Wang T, Cook I, Leyh TS - Biochemistry (2014)

Bottom Line: The first nucleotide to bind causes closure of the cap to which it is bound and at the same time stabilizes the cap in the adjacent subunit in the open position.Cap closure sterically controls active-site access of the nucleotide and acceptor; consequently, the structural changes in the cap that occur as a function of nucleotide occupancy lead to changes in the substrate affinities and turnover of the enzyme.PAPS levels in tissues from a variety of organs suggest that the catalytic efficiency of the enzyme varies across tissues over the full 130-fold range and that efficiency is greatest in those tissues that experience the greatest xenobiotic "load".

View Article: PubMed Central - PubMed

Affiliation: Department of Microbiology and Immunology, Albert Einstein College of Medicine , 1300 Morris Park Avenue, Bronx, New York 10461-1926, United States.

ABSTRACT
Human cytosolic sulfotransferases (SULTs) regulate the activities of thousands of small molecules-metabolites, drugs, and other xenobiotics-via the transfer of the sulfuryl moiety (-SO3) from 3'-phosphoadenosine 5'-phosphosulfate (PAPS) to the hydroxyls and primary amines of acceptors.

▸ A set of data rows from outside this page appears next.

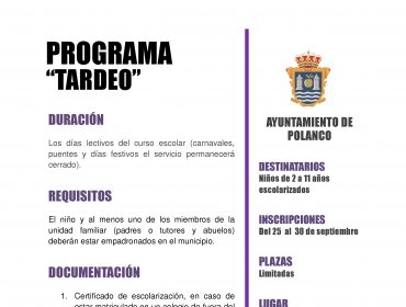 Se abre el plazo para inscribirse en el programa "Tardeo". Destinatarios: niños de 2 a 11 años escolarizados. Inscripciones: del 25 al 30 de septiembre de 2020. Precio: Según Ordenanza Fiscal nº 23, art. 4. Horario: de 16:00 a 17:30horas. La lista provisional de admitidos se publicará el 30 de septiembre de 2020. Plazas limitadas....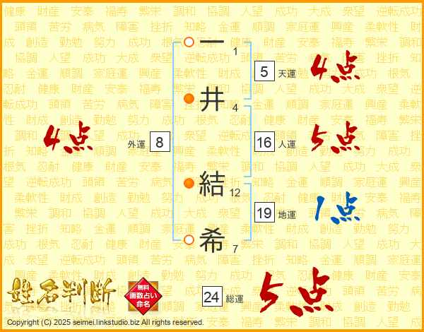 金運 順調 家庭運 興産 柔軟性 財成 創造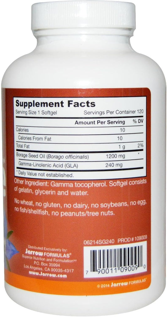 Jarrow Formulas Borage Softgels - 1200mg High Potency GLA Source - Skin & Immune Support - PMS Relief - 120 Servings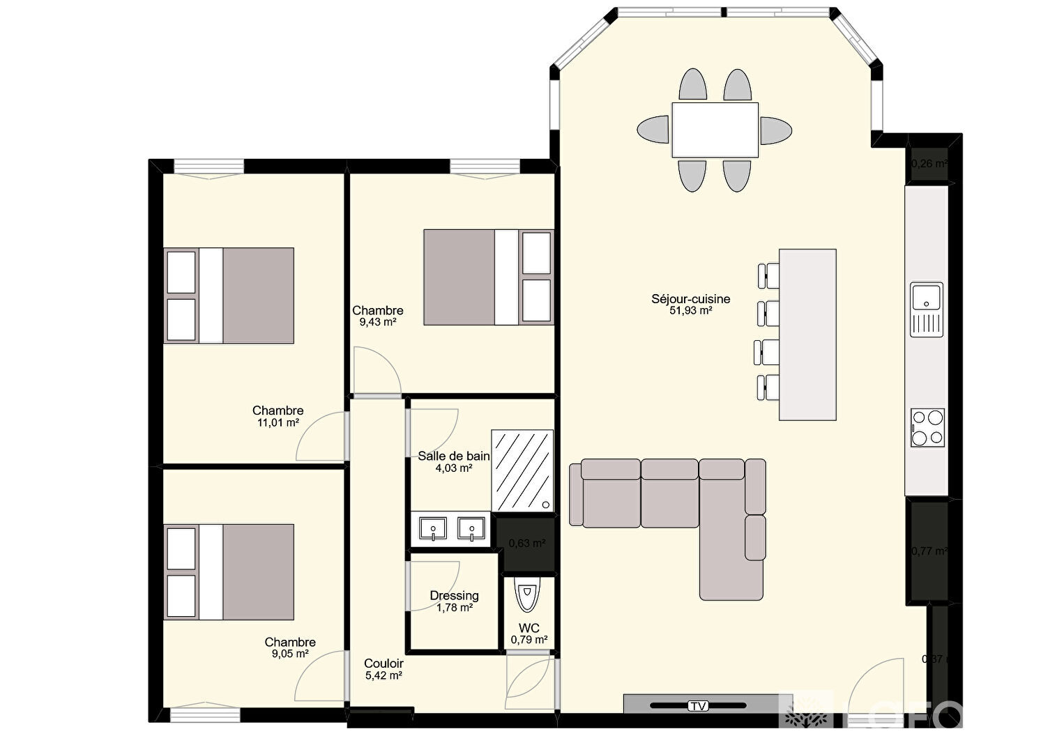 Superbe appartement de type 4, 3 chambres avec cellier. Etat irréprochable avec prestations de grandes qualités, Espace de vie de plus de 50 m2 avec cuisine américaine intégralement équipée. Volets roulants électriques de partout, climatisation réversible.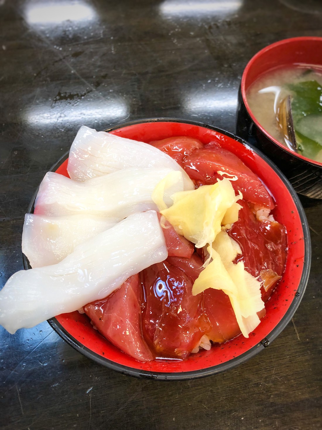 イカマグロ漬け丼(600円)大シジミの味噌汁(100円)

SULT1A1 is the most abundant SULT in liver and has the broadest substrate spectrum of any SULT. Here we present the discovery of a new form of SULT1A1 allosteric regulation that modulates the catalytic efficiency of the enzyme over a 130-fold dynamic range. The molecular basis of the regulation is explored in detail and is shown to be rooted in an energetic coupling between the active-site caps of adjacent subunits in the SULT1A1 dimer. The first nucleotide to bind causes closure of the cap to which it is bound and at the same time stabilizes the cap in the adjacent subunit in the open position. Binding of the second nucleotide causes both caps to open. Cap closure sterically controls active-site access of the nucleotide and acceptor; consequently, the structural changes in the cap that occur as a function of nucleotide occupancy lead to changes in the substrate affinities and turnover of the enzyme. PAPS levels in tissues from a variety of organs suggest that the catalytic efficiency of the enzyme varies across tissues over the full 130-fold range and that efficiency is greatest in those tissues that experience the greatest xenobiotic "load".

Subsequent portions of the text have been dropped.